Quarterbacks and psychometrics

Eric Loken writes,

Criteria Corp is a company doing employee testing (basically psychometrics meets on-demand assessment). We’re also going to blog on various issues relating to psychometrics and analyses of testing data. We’re starting slowly on the blog front, but a few days ago we did one on employment tests for the NFL.. A few scholars have argued that the NFL’s use of the Wonderlic (a cognitive aptitude measure) is silly as it shows no connection to performance. But we showed that for quarterbacks, once you condition on some minimal amount of play, the correlation between aptitude and performance was as high as r = .5…which is quite strong. It’s the common case of regression gone bad when people don’t recognize that the predictor has a complex relationship to the outcome. There are many reasons why a quarterback doesn’t play much; so at the low end of the outcome, the prediction is poor and the variance widely dispersed. But there are fewer reasons for success, and if the predictor is one of them, then it will show a better association at the high end.

Here’s their blog, and here’s Eric’s football graph:


P.S. The graph would look better with the following simple fixes:
1. Have the y-axis start at 0. “-2000.00” passing yards is just silly.
2. Label the y-axis 0, 5000, 10000. “10000.00” is just silly. Who counts hundredths of yards?
3. Label the x-axis at 10, 20, 30, 40. Again, who cares about “10.00”?
I’ve complained about R defaults, but the defaults on whatever program created the above plot are much worse! (I do like the color scheme, though. Setting the graph off in gray is a nice touch.)

6 thoughts on “Quarterbacks and psychometrics

  1. Conditioning is arbitrary. If we move the bottom cutoff up to 2200, and eliminate one point in the upper right (Tom Brady?) then we have an amorphous cloud with a correlation of maybe .15.

    Plus, we've already picked just one position (quarterback) out of many roles on a football team.

    More statistical ink blot testing.

  2. To green apron monkey: pretty much any test that measures any human characteristic well will show different quantitative & qualitative results for different racial groups. (though there is often considerable overlap.) Different racial groups test differently because they're, well, different.
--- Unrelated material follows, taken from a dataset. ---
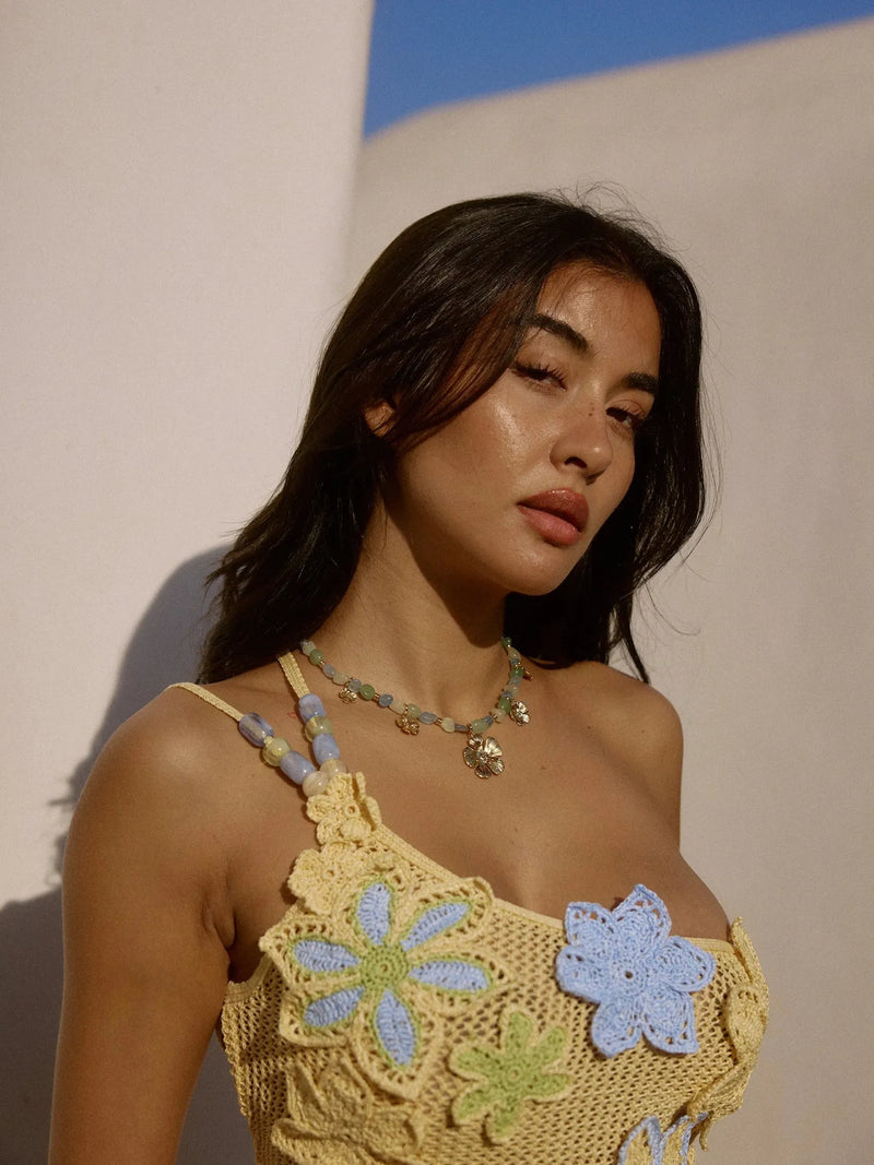 This Namma Crochet Mini Dress showcases a playful and vibrant design perfect for those sunny days. With its crochet detailing and floral accents, it brings a touch of whimsy to any occasion. Ideal for beach outings or casual gatherings, this dress combines comfort and style effortlessly. The bright colors and mini length make it a must-have for a fresh and cheerful wardrobe that stands out beautifully under the sun.

  3. "Ink blot testing" is a tad dismissive. The high point in the corner is not Tom Brady, it is Eli Manning. He's the Superbowl winning quarterback Malcolm Gladwell mocks as doing poorly relative to his Wonderlic score. Interesting that one pundit singles Manning out as an example of how useless the test is, while another person claims that Manning is the only thing driving the effect.

    Yes the sample is small and yes the conditioning is somewhat arbitrary. But set the line at 1800, and cut out Manning (why?) and the correlation is still .5. Or, condition on 5+ starts in the first 4 years, instead of something from this graph, and r = .5.
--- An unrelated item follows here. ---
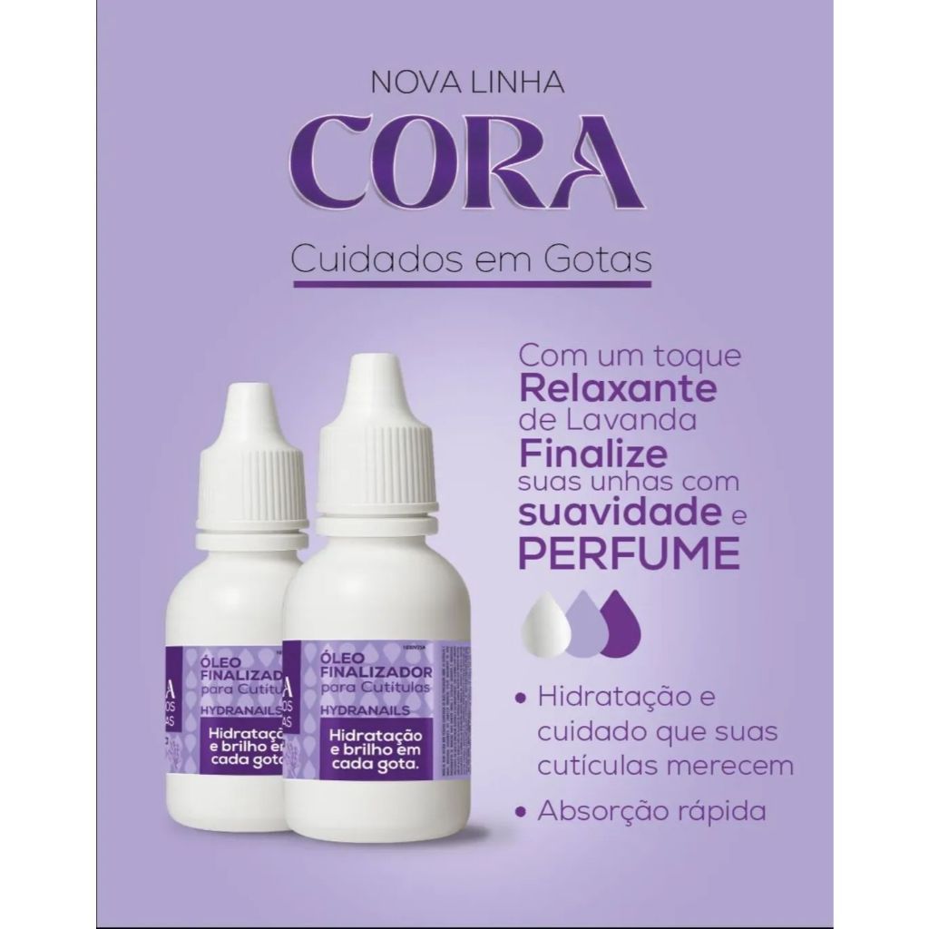 NÃO ACOMPANHA A CAIXA TIPO MALETA CORA Gotas Milagrosas Cora 20ml - A Cora Criou a mais nova Solução para unhas unhas, com a praticidade que você precisa, Uma Gota e a Magica Acontece!!! Este Anuncio Contem; 1 Unidade de GOTAS MILAGROSA PARA AS UNHAS CORA 10ML (ESCOLHA SUA VARIAÇÃO PREFERIDA) :) Você pode Escolher; - SX Secante Ultra Rápido 20ml - Com uma fórmula inovadora, este produto garante unhas secas em tempo recorde, sem deixar resíduos oleosos na unha ou na pele. - Mata Mico Proteção Contra Micoses 20ml - É muito poderoso e eficaz contra bactérias e fungos que causam doenças nas unhas, deixando suas unhas saudáveis e protegidas. - Pedra Hume Cicatrizante 20ml - Sua fórmula exclusiva é ideal para estancar pequenos sangramentos em cutículas, proporcionando alívio imediato e segurança durante o cuidado das unhas. - Óleo Finalizador de Cutículas Lavanda 20ml - Finalize suas unhas e cutículas com suavidade e um toque relaxante de Lavanda, que perfuma e cuida ao mesmo tempo. - Óleo Finalizador de Cutículas Rosa Mosqueta 20ml - Com poder regenerador da Rosa Mosqueta, hidrata profunda e auxilia na recuperação da pele delicada ao redor das unhas. - Salva Esmalte Recuperador de Esmaltes 20ml - Com apenas 3 gotinhas, o Salva Esmalte devolve a textura ideal, deixando o esmalte novinho em folha. - Produto Original c/nota fiscal - Envio imediato por transportadora SHOPEE EXPRESS - Compra Segura SHOPEE - Receba seu pedido ou tenha seu Dinheiro de volta. - Loja Indicada pela shopee, é mais seguro comprar por aqui - Avaliação 5 Estrelas pela grande maioria dos clientes Blue cosméticos Distribuidora - Nós Trabalhamos por você!!!

    The main point is we seem to have a heterogeneous regression, where there are many reasons for low (both poor and non-) performance. More data would be great to have. We didn't use any pre-2000 because the Wonderlic scores seemed incomplete and sometimes inconsistent (more than one recorded score). The NFL would be able to fill in more data.
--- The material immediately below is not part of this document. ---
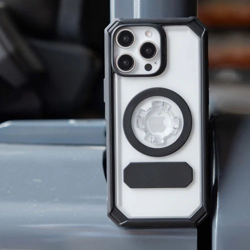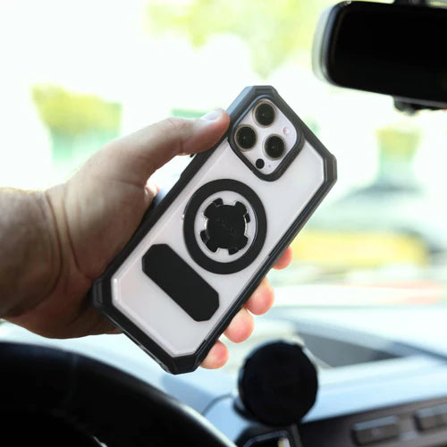 The iPhone 15 Pro clear case is compatible with all of ROKFORM's magnetic and RokLock® twist lock mounts, perfect for cars, trucks, bikes, motorcycles, golf carts, and more. You can instantly stick it to any magnetic surface or securely twist and lock it to any of our twist lock mounts, just like our Rugged case. Join thousands of satisfied customers who swear by the peace of mind and convenience our cases provide, year after year.

    Given the graph and what I've been able to see working through the data, I'd lay odds that the phenomenon remains robust as new data roll in. Now what exactly it means is another thing entirely.

  4. Thanks. Very interesting.

    Dan Marino's low score would strike me as support for the value of the Wonderlic. He comes into the NFL with the best release ever seen. His second season he puts up the best stats in history. And then … kind of a long slow fade as the league figures him out but he doesn't figure out something new.

Comments are closed.